Потом бессмысленным взором она следила за стрелкой стенных часов, как осужденный, наблюдающий приближение часа своей казни. Вдруг часы пробили.
– Три часа тому назад, – сказала она, внезапно вздрогнув, – я была в его объятиях, и я опозорена!
Всю ночь она провела в таком лихорадочном беспокойстве. Когда рассвело, она открыла окно, и утренний воздух, свежий и колючий, принес ей некоторое облегчение. Опершись на подоконник окна, выходившего в сад, она жадно, с каким-то вожделением вдыхала полной грудью холодный воздух. Беспорядок в мыслях мало-помалу рассеялся. На смену неопределенным мучениям, обуревавшему ее бреду пришло сосредоточенное отчаяние – это был уже некоторый отдых.
Нужно было принять какое-нибудь решение. Она стала придумывать, что ей делать. Она ни минуты не останавливалась на мысли снова увидеться с Дарси. Ей казалось это невозможным: она бы умерла от стыда, увидев его. Она должна покинуть Париж: здесь через два дня все будут на нее показывать пальцами. Мать ее находилась в Ницце. Она поедет к ней, во всем ей признается; потом, выплакав свое горе на ее груди, она поищет в Италии уединенное место, неизвестное путешественникам, будет там одиноко жить и скоро умрет.
Придя к такому решению, она почувствовала себя спокойнее. Она села за столик у окна, закрыла лицо руками и заплакала, но на этот раз уже не слезами отчаяния. Усталость и изнеможение дали себя знать, и она заснула, или, вернее, забылась почти на час.

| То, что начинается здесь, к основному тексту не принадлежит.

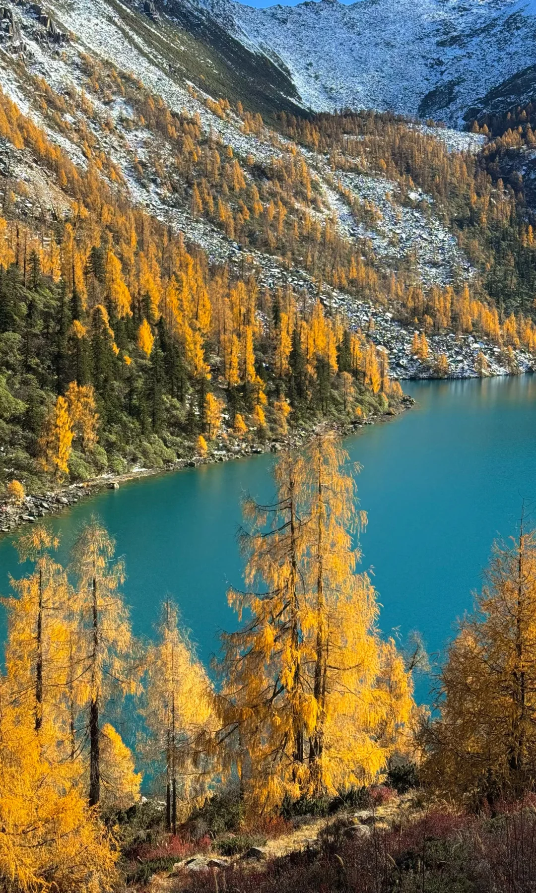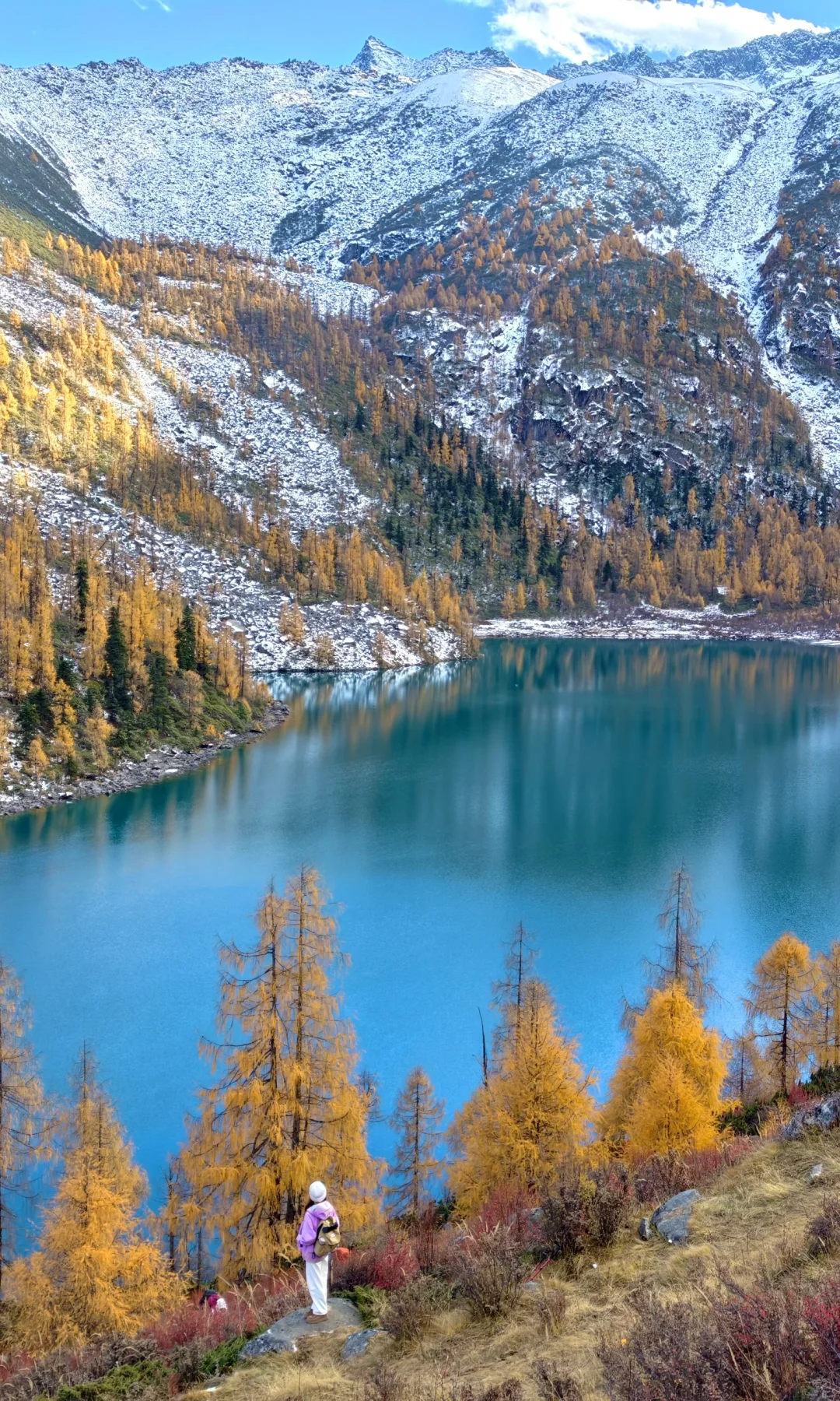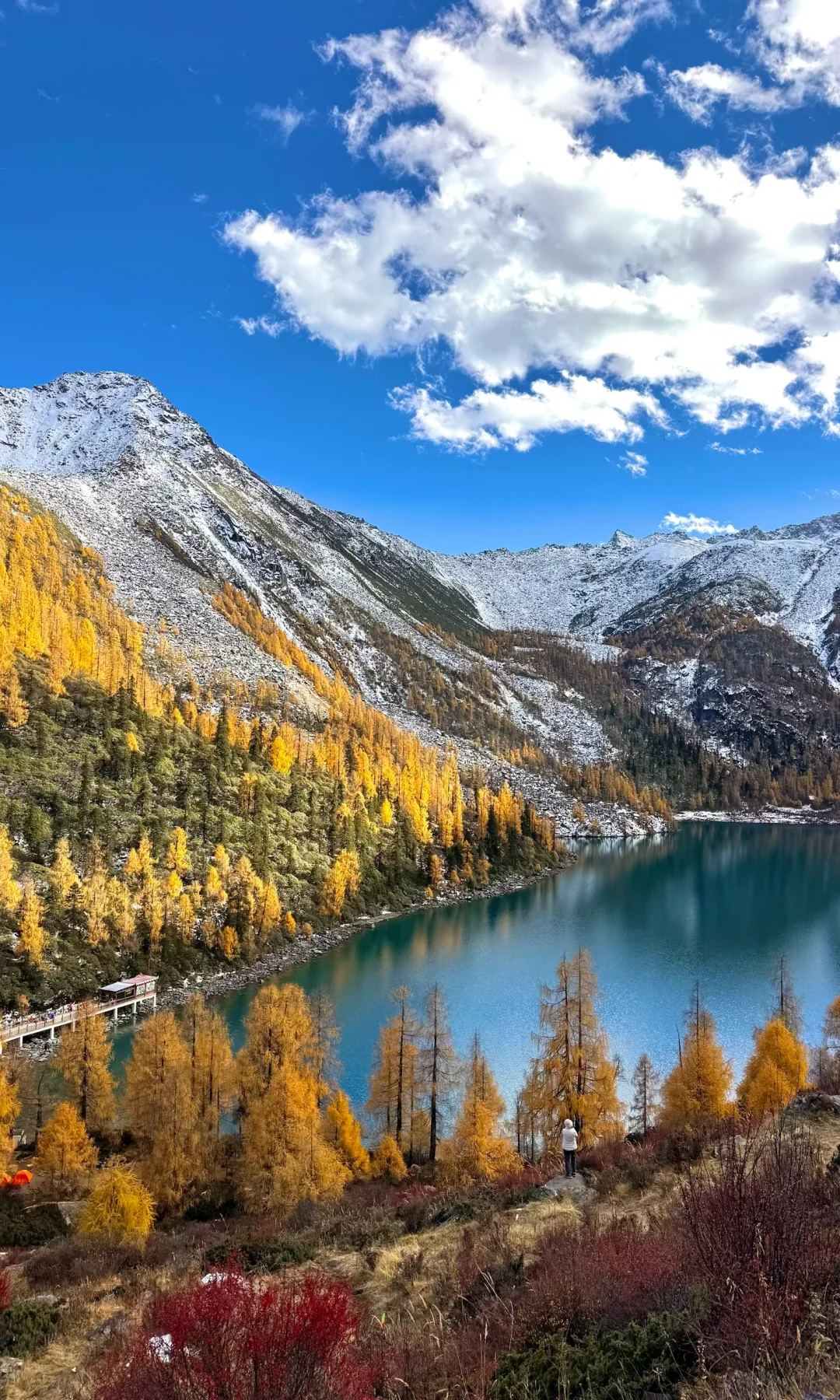 作为一个四川人 川西的秋其实看过很多次了 很多地方都有去过 但是党岭这个地方却是第一次来 而且第一次来就被震撼了 雪山、彩林还有被彩林包围的蓝色湖泊 真的太太太美了 如果没有去过党岭的,强烈推荐给你们 一些小tips: [一R]如果只是玩一天,选择到达甲玉拉措就可以了,门票20,摩托车往返是160/人,单程80/人 [二R]到达甲玉拉措,单边是5km,沿途没有补给站,终点才会有,但是有简易厕所和公里数标牌,爬升坡度不算太大,全程机耕道(和摩托车共享),难度不大,建议上山徒步(因为去的时候光比较好,沿途风景也很美),回程比较累了可以选择摩托车 [三R]景区里的摩托车号称疯狂摩托车,骑的比较野,下山感受了一下,其实挺刺激的,就是一定要抱紧师傅,路会比较颠,注意安全,比较怕的,一定要叮嘱师傅骑慢点[暗中观察R][暗中观察R] [四R]到达甲玉拉措后,在补给站小房子的后面有一条路可以继续往上爬,山上的风景不会让你失望的,绝对值得爬上去(虽然爬坡真的很累[扶额R])

Она проснулась от лихорадочного озноба. Погода переменилась, небо посерело, и мелкий, пронизывающий дождик предвещал сырую и холодную погоду на весь остаток дня. Жюли позвонила горничной.
– Матушка заболела, – сказала она, – я должна сейчас же ехать в Ниццу. Уложите чемоданы: я хочу выехать через час.
– Сударыня, что с вами? Вы не больны? Вы не ложились? – воскликнула горничная, удивленная и встревоженная изменившимся лицом своей госпожи.
– Я хочу ехать, – нетерпеливо сказала Жюли, – мне необходимо ехать. Уложите чемоданы.
При современной нашей цивилизации недостаточно просто акта воли для передвижения с одного места на другое. Нужно достать дорожный паспорт, упаковать вещи, уложить шляпы в картонки, проделать сотню скучных приготовлений, из-за которых потеряешь всякое желание путешествовать. Но нетерпение Жюли значительно сократило эти необходимые промедления. Она ходила взад и вперед, из комнаты в комнату, сама помогала укладывать чемоданы, засовывая как попало чепчики и платья, привыкшие к более осторожному обращению. Но ее хлопоты скорее замедляли, чем ускоряли работу слуг.
– Сударыня! Вы, конечно, предупредили господина де Шаверни? – робко спросила горничная.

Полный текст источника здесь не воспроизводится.